◆ **Your objective**
Retype, word for word, every line from the one holding "Серьезный молодой бизнесмен" through the one holding "両サイドには小物やおもちゃの持ち運びに便利なポケット付きです。 | |" in the entries below, both included, and only those lines.

Data records:

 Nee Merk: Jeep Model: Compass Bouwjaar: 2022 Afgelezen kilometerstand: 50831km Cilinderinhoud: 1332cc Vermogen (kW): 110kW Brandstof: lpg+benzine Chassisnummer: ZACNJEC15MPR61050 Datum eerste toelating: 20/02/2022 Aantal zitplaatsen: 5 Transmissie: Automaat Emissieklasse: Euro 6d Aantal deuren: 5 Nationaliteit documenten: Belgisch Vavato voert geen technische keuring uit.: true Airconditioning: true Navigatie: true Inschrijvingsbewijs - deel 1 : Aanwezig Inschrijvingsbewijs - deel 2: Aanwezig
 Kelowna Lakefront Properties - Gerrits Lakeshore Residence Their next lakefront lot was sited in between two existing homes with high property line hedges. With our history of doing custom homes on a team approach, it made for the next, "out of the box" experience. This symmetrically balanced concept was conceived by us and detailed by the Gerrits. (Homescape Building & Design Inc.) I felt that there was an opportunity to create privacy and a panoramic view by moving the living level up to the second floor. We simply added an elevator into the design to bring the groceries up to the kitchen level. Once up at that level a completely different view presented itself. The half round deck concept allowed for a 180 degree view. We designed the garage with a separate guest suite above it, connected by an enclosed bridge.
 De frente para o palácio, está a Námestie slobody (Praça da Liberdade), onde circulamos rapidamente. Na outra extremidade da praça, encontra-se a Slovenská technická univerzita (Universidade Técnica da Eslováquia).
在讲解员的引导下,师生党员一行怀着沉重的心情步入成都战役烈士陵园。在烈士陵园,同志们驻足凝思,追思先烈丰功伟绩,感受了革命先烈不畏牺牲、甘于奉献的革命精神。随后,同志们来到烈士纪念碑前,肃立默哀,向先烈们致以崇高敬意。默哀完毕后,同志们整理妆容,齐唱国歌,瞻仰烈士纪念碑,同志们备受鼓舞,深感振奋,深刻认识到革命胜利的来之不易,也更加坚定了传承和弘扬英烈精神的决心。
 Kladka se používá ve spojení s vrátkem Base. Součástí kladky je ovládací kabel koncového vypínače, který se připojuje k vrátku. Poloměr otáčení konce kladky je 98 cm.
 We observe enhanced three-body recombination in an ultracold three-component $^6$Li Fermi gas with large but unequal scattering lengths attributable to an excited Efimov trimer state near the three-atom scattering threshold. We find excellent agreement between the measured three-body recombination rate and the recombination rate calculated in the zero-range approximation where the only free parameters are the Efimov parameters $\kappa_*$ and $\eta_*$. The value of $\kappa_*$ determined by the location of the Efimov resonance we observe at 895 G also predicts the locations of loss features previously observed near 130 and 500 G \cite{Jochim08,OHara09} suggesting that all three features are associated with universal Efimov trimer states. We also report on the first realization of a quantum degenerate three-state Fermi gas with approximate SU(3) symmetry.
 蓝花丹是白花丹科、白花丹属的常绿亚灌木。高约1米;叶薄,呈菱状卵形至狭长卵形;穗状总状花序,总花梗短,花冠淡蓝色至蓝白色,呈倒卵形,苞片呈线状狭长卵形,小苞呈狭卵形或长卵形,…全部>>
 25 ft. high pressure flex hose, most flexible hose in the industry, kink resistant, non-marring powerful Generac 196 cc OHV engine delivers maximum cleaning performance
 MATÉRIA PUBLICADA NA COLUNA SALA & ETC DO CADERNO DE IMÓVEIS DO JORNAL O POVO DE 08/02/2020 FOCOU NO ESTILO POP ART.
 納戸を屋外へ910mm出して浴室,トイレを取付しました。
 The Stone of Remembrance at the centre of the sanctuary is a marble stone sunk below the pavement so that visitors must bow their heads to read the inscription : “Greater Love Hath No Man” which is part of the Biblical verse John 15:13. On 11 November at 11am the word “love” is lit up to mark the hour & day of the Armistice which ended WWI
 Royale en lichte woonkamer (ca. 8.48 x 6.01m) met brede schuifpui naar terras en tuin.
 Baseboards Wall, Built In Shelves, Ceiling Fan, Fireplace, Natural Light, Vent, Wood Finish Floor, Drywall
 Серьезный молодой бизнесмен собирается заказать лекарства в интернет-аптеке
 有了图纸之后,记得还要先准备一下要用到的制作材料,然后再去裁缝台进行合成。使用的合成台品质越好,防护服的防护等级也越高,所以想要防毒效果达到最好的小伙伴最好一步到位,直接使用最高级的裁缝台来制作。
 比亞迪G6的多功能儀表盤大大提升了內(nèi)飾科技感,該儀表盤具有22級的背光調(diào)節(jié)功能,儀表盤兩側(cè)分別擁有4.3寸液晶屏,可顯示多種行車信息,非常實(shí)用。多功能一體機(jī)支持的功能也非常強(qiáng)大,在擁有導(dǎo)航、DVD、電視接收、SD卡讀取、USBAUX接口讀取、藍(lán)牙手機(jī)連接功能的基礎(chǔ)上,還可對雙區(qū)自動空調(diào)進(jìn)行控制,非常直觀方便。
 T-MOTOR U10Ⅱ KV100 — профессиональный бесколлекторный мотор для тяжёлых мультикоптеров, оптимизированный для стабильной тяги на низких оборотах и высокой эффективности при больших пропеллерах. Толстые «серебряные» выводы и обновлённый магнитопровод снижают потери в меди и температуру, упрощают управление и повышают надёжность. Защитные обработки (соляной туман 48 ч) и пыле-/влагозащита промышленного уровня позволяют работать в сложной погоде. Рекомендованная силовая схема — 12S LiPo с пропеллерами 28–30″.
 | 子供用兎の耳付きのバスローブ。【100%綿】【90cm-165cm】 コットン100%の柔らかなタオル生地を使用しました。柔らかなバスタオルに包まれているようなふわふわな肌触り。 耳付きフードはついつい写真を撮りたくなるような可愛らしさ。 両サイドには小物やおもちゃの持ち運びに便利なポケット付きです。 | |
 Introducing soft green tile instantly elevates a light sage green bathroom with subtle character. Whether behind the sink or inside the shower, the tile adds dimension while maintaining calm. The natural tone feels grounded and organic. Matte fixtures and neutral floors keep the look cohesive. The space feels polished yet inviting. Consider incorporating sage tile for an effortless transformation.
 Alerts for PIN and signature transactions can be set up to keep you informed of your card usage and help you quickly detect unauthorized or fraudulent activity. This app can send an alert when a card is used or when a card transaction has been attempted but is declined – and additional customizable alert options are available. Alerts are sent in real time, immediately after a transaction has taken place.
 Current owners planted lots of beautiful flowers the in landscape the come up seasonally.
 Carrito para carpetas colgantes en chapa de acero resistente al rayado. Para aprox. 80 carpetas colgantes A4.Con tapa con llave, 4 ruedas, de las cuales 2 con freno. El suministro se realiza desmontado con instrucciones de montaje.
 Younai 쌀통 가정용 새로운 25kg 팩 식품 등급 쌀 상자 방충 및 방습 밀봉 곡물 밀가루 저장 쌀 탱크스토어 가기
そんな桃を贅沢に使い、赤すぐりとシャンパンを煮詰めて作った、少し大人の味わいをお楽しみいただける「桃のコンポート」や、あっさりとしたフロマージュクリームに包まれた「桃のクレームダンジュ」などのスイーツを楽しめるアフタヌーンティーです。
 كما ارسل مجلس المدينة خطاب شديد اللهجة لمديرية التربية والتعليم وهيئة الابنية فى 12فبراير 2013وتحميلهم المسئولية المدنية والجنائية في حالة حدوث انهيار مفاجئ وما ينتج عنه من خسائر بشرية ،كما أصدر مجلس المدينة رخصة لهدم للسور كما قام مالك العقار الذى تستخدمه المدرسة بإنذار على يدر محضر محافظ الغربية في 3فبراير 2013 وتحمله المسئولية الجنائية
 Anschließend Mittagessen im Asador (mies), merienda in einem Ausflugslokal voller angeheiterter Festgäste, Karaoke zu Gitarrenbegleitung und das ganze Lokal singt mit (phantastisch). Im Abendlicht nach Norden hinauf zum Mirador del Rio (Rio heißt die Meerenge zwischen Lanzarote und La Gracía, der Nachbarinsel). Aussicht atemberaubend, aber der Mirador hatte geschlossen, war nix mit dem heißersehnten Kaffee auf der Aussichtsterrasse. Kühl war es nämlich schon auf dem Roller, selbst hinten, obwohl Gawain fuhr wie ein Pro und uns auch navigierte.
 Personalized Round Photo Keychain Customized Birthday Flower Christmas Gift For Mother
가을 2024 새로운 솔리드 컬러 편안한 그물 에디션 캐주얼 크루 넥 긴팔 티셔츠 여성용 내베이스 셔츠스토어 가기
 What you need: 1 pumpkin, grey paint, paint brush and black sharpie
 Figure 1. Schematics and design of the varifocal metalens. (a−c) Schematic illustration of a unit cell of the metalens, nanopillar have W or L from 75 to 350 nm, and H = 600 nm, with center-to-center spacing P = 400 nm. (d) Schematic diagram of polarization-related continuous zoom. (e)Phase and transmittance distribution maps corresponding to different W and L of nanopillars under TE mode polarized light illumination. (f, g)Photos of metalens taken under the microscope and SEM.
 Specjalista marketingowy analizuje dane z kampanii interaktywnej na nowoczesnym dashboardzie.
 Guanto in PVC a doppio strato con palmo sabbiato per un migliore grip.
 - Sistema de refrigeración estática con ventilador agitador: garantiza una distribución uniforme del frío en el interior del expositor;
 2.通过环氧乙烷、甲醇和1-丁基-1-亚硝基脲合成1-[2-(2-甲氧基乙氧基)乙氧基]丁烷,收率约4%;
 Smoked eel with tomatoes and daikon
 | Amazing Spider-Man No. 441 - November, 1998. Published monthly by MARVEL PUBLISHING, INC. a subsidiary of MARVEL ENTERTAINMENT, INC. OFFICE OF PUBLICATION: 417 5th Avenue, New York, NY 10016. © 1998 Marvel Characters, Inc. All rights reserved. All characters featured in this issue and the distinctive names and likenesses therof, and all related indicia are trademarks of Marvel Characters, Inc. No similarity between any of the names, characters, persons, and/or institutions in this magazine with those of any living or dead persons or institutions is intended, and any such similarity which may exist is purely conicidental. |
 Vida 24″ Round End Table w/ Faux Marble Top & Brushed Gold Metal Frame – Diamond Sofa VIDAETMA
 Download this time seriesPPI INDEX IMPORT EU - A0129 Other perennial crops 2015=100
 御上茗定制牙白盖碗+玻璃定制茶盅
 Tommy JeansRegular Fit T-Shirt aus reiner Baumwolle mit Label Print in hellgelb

◆ **Result**
 Серьезный молодой бизнесмен собирается заказать лекарства в интернет-аптеке
 有了图纸之后,记得还要先准备一下要用到的制作材料,然后再去裁缝台进行合成。使用的合成台品质越好,防护服的防护等级也越高,所以想要防毒效果达到最好的小伙伴最好一步到位,直接使用最高级的裁缝台来制作。
 比亞迪G6的多功能儀表盤大大提升了內(nèi)飾科技感,該儀表盤具有22級的背光調(diào)節(jié)功能,儀表盤兩側(cè)分別擁有4.3寸液晶屏,可顯示多種行車信息,非常實(shí)用。多功能一體機(jī)支持的功能也非常強(qiáng)大,在擁有導(dǎo)航、DVD、電視接收、SD卡讀取、USBAUX接口讀取、藍(lán)牙手機(jī)連接功能的基礎(chǔ)上,還可對雙區(qū)自動空調(diào)進(jìn)行控制,非常直觀方便。
 T-MOTOR U10Ⅱ KV100 — профессиональный бесколлекторный мотор для тяжёлых мультикоптеров, оптимизированный для стабильной тяги на низких оборотах и высокой эффективности при больших пропеллерах. Толстые «серебряные» выводы и обновлённый магнитопровод снижают потери в меди и температуру, упрощают управление и повышают надёжность. Защитные обработки (соляной туман 48 ч) и пыле-/влагозащита промышленного уровня позволяют работать в сложной погоде. Рекомендованная силовая схема — 12S LiPo с пропеллерами 28–30″.
 | 子供用兎の耳付きのバスローブ。【100%綿】【90cm-165cm】 コットン100%の柔らかなタオル生地を使用しました。柔らかなバスタオルに包まれているようなふわふわな肌触り。 耳付きフードはついつい写真を撮りたくなるような可愛らしさ。 両サイドには小物やおもちゃの持ち運びに便利なポケット付きです。 | |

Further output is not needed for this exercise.